Exercise
In the records below, find the line with "接着,文学院党委副书记、副院", then copy each line exactly until you have copied the line with "Хорошее настроение подарила". Leave any picture out.

Entries provided below:

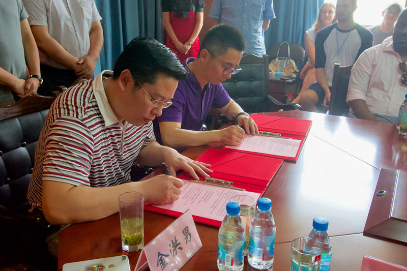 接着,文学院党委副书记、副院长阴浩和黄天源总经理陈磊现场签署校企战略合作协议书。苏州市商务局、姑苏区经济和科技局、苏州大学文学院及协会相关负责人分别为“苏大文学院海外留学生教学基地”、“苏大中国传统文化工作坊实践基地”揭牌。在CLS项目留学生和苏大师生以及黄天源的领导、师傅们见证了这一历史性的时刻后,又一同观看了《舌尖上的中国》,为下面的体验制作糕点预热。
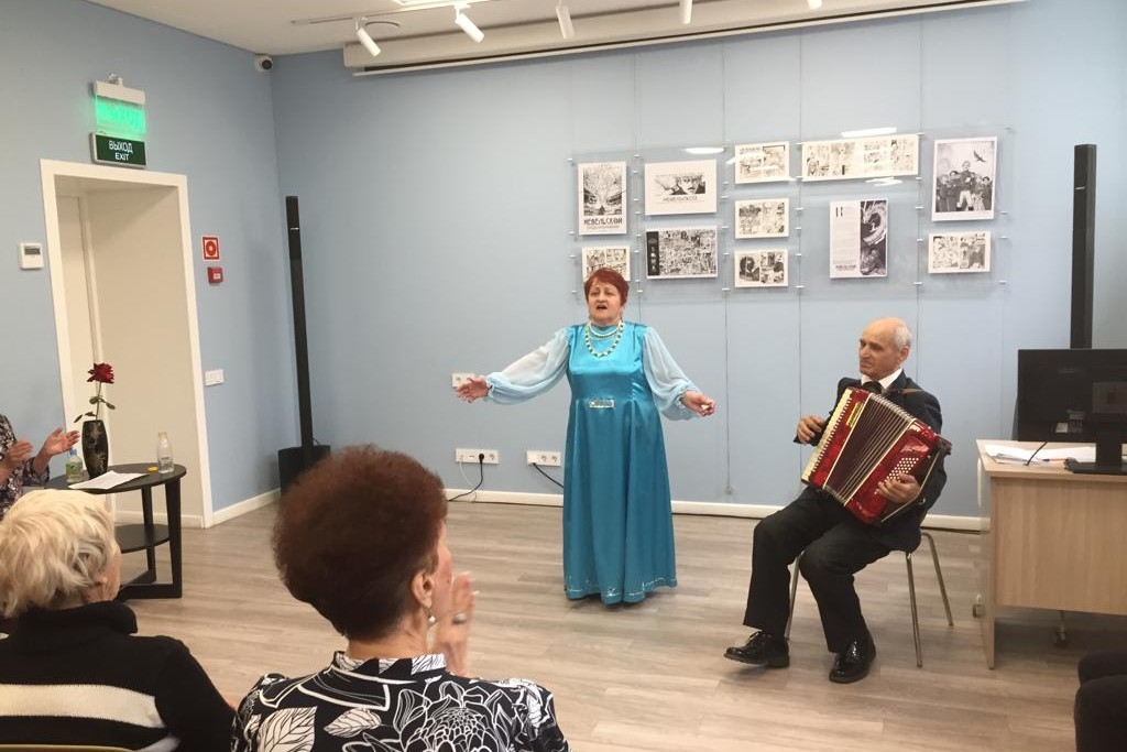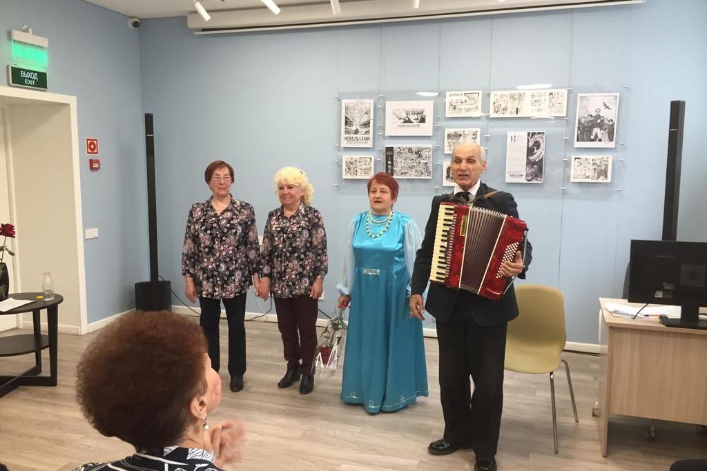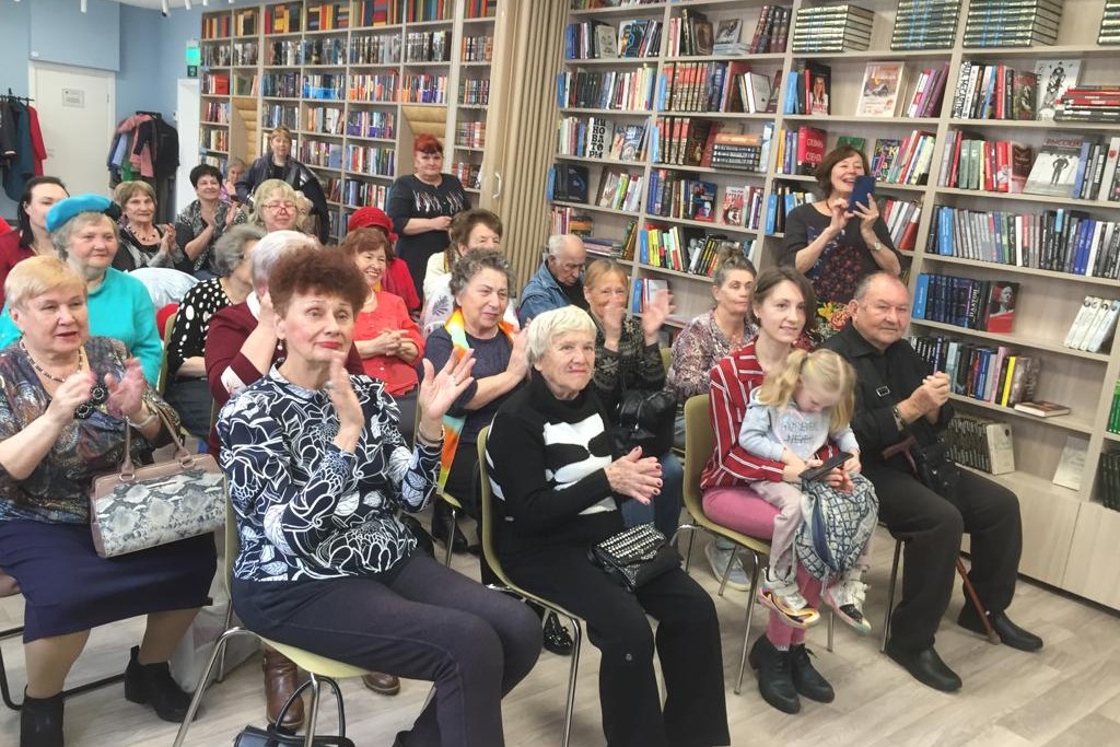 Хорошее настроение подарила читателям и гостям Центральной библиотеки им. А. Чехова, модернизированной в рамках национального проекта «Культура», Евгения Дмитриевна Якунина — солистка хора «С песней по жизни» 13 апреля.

End of Entries provided.
Entries provided below:

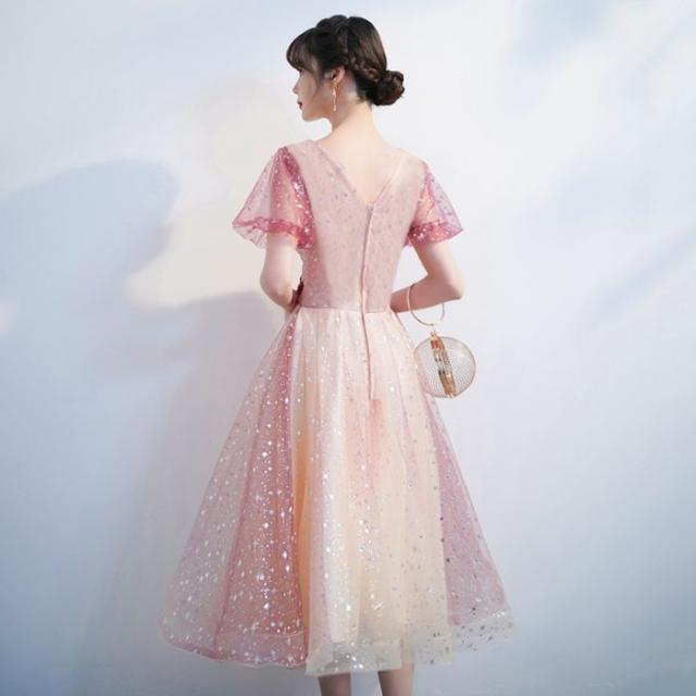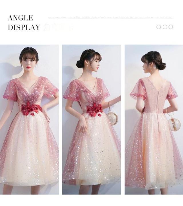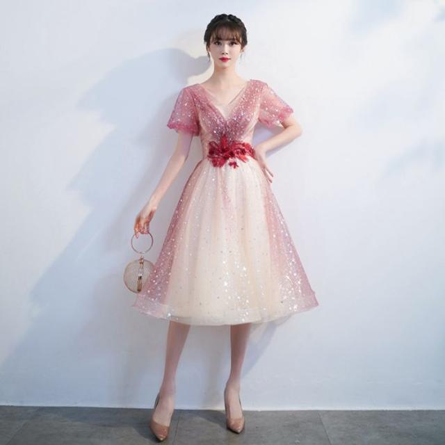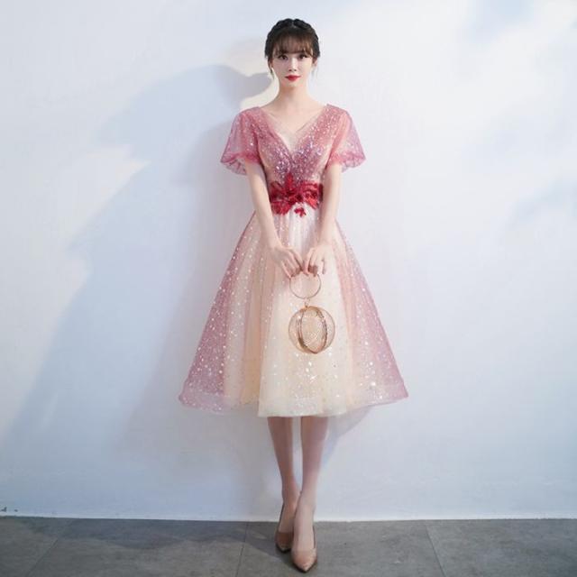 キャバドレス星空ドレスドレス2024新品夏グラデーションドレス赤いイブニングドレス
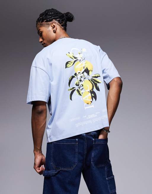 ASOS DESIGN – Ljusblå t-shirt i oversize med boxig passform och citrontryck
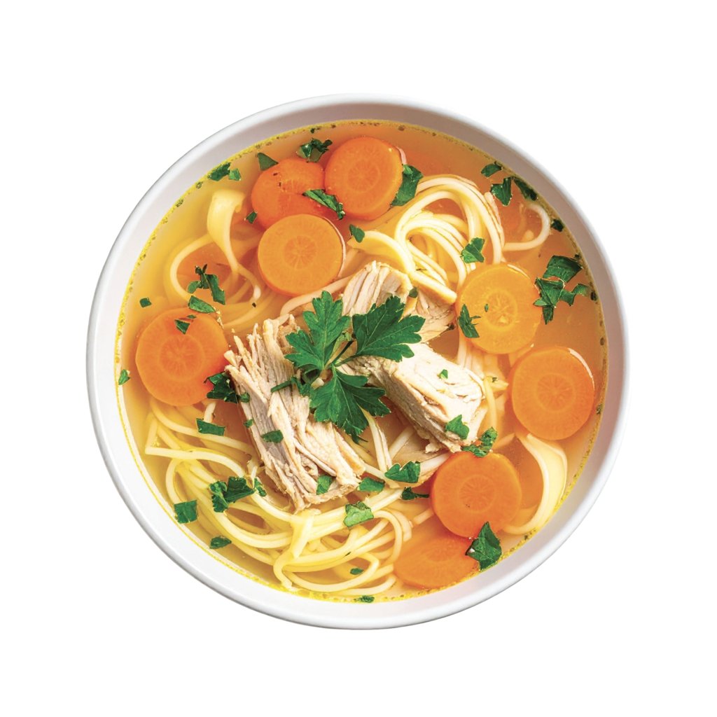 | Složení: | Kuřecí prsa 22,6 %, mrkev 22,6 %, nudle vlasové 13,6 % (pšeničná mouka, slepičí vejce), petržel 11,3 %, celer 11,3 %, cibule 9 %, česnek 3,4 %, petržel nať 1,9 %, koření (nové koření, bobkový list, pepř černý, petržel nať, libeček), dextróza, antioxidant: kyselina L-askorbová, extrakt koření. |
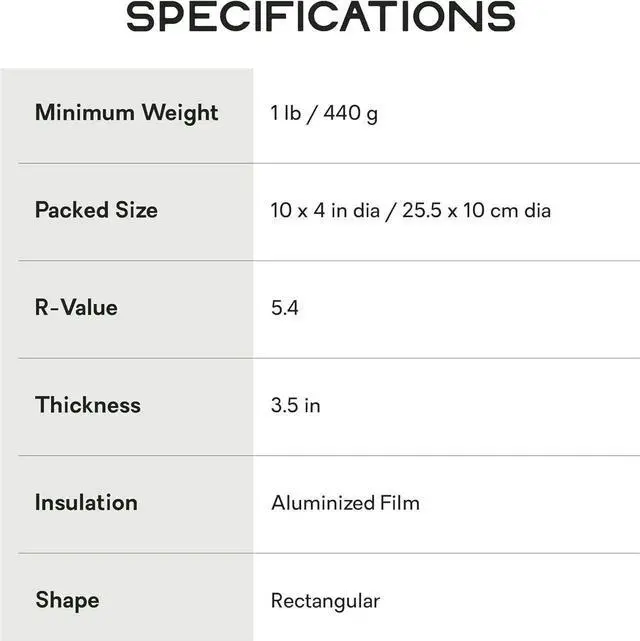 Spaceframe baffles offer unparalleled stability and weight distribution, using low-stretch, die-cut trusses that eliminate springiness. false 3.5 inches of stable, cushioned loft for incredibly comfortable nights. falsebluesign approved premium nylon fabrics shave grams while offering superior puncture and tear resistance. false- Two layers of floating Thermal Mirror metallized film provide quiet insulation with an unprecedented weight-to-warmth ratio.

End of Entries provided.

Answer to this task
 接着,文学院党委副书记、副院长阴浩和黄天源总经理陈磊现场签署校企战略合作协议书。苏州市商务局、姑苏区经济和科技局、苏州大学文学院及协会相关负责人分别为“苏大文学院海外留学生教学基地”、“苏大中国传统文化工作坊实践基地”揭牌。在CLS项目留学生和苏大师生以及黄天源的领导、师傅们见证了这一历史性的时刻后,又一同观看了《舌尖上的中国》,为下面的体验制作糕点预热。
 Хорошее настроение подарила читателям и гостям Центральной библиотеки им. А. Чехова, модернизированной в рамках национального проекта «Культура», Евгения Дмитриевна Якунина — солистка хора «С песней по жизни» 13 апреля.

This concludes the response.